The historical record. Chicago cycled through three consecutive mayors, each elected as the negation of the last one’s failures, each reproducing a new variety of failure. Rahm Emanuel (2011–2019) pursued austerity and privatization, closed 50 Chicago Public Schools overwhelmingly in Black and Brown neighborhoods, doubled the property tax levy to shore up the pension crisis, and fought the courts to cut pensions. He did everything the fiscal hawks prescribed and still gutted neighborhood institutions so the spreadsheets could balance. The backlash produced Lori Lightfoot, who won in 2019 on a landslide reform mandate, then squandered it through managerial dysfunction and became the first sitting Chicago mayor in forty years to lose reelection. Then came Brandon Johnson, a former CTU organizer who got his start protesting Emanuel’s closings, elected in 2023 on an explicitly anti-austerity platform, now facing a $1.2 billion budget gap.
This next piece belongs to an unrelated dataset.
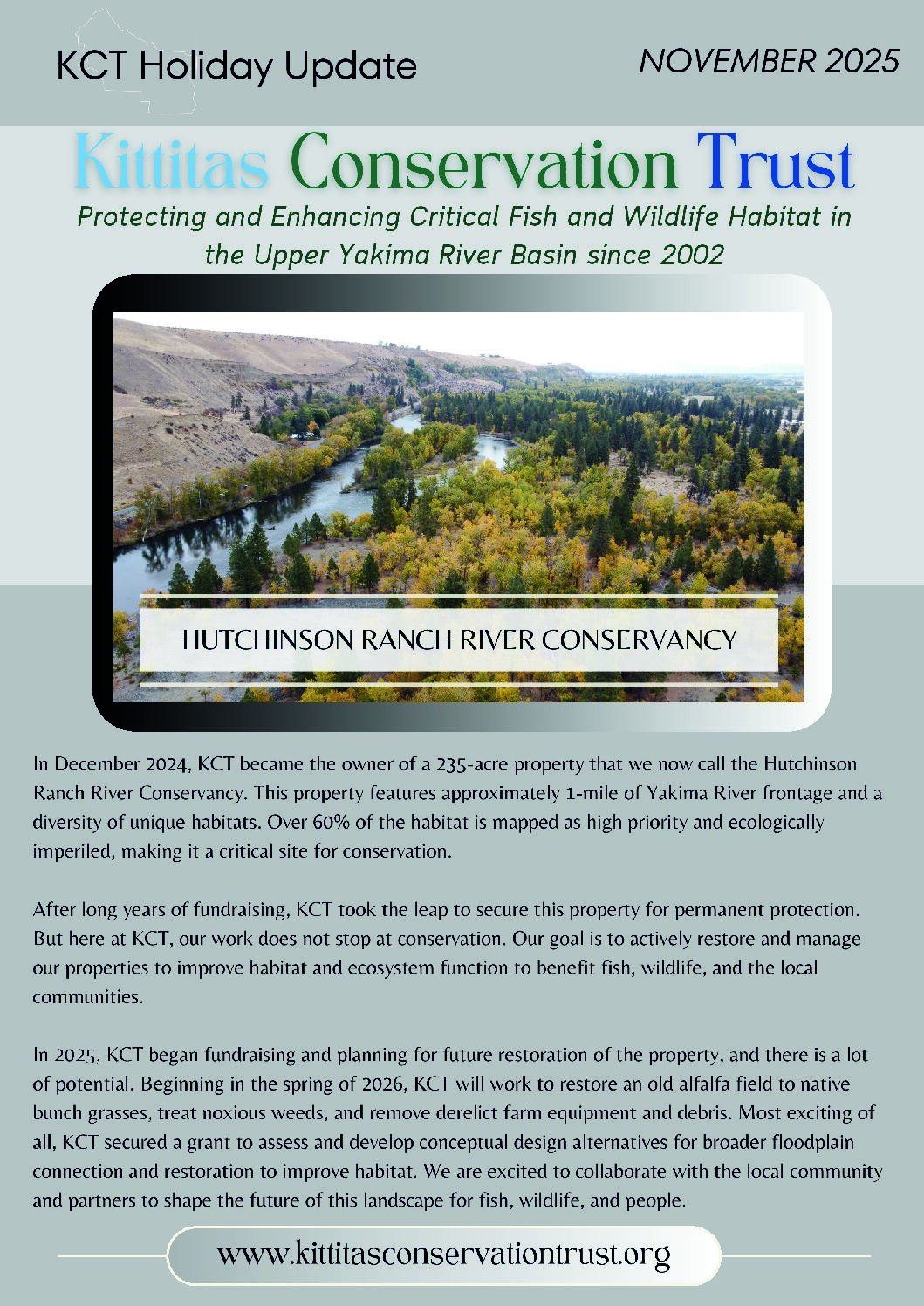 If our forests, rivers, wildlife and fish could talk, what would they say? Our conservation and habitat restoration work have given us a picture of what that might be. We give their important stories a platform through our blog and videos. We also share stories about the work we are doing to ensure critical habitat in Kittitas County remains accessible and healthy for wildlife, fish, and people.

Negation is not a governing philosophy, and the cycle produced nothing but wreckage.
New York City just lived its own compressed version. Andrew Cuomo systematically drained city funding during his decade as governor, redirecting revenue upward while New York City’s contribution to state coffers (54.5 percent) far exceeded what it received back (40.5 percent). Then came Eric Adams: the centrist, the former cop, the pragmatic deal-maker. Adams talked fiscal discipline while presiding over what Mamdani’s administration now calls “staggering mismanagement.” He chronically underbudgeted essential services ($860 million for cash assistance programs projected to cost $1.7 billion) while maintaining the appearance of balance through aggressive reserve drawdowns and staffing vacancies. He was indicted on federal bribery and campaign finance charges. If Mamdani governs only as the negation of Adams, he is simply the latest turn of the same wheel.
The system, not the mayor
The instinct in electoral politics is to treat failure as a communications problem: hold a press conference, fire someone, promise to do better. The instinct Mamdani showed between the two snowstorms was to treat failure as an engineering problem. That is what state capacity actually means: not bigger budgets or more workers (though both may help), but institutions that can see what they are doing and adjust.
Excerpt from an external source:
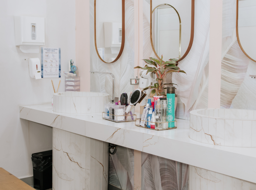 O banheiro é completo, cabine para banho, com secador, desodorante, perfume, shampoo, sabonete, absorvente, xuxinha e vários outros produtos que ajudam a mulher no dia a dia.

The CSO reports land March 20. The executive budget follows in April. The City Council negotiation runs through June. These documents will reveal whether the administration understands the difference between cutting costs and eliminating the causes of costs, or whether it merely borrowed the vocabulary. Adams also promised transparency. He also had institutional tools. He used them to maintain appearances while the structural problems compounded. If Mamdani’s CSO program produces cosmetic savings while the real questions go unasked, the comparison to Adams will stop being a cautionary tale and start being a prediction.
The states dismantling their property tax architecture have no such tools and no capacity to learn from their own mistakes. A constitutional amendment is not a system. It cannot be studied, adjusted, or corrected when the next recession arrives and the sales tax revenue collapses. New York’s property tax base provides something those states are about to lose: a stable foundation to govern from, and the institutional room to get better at it.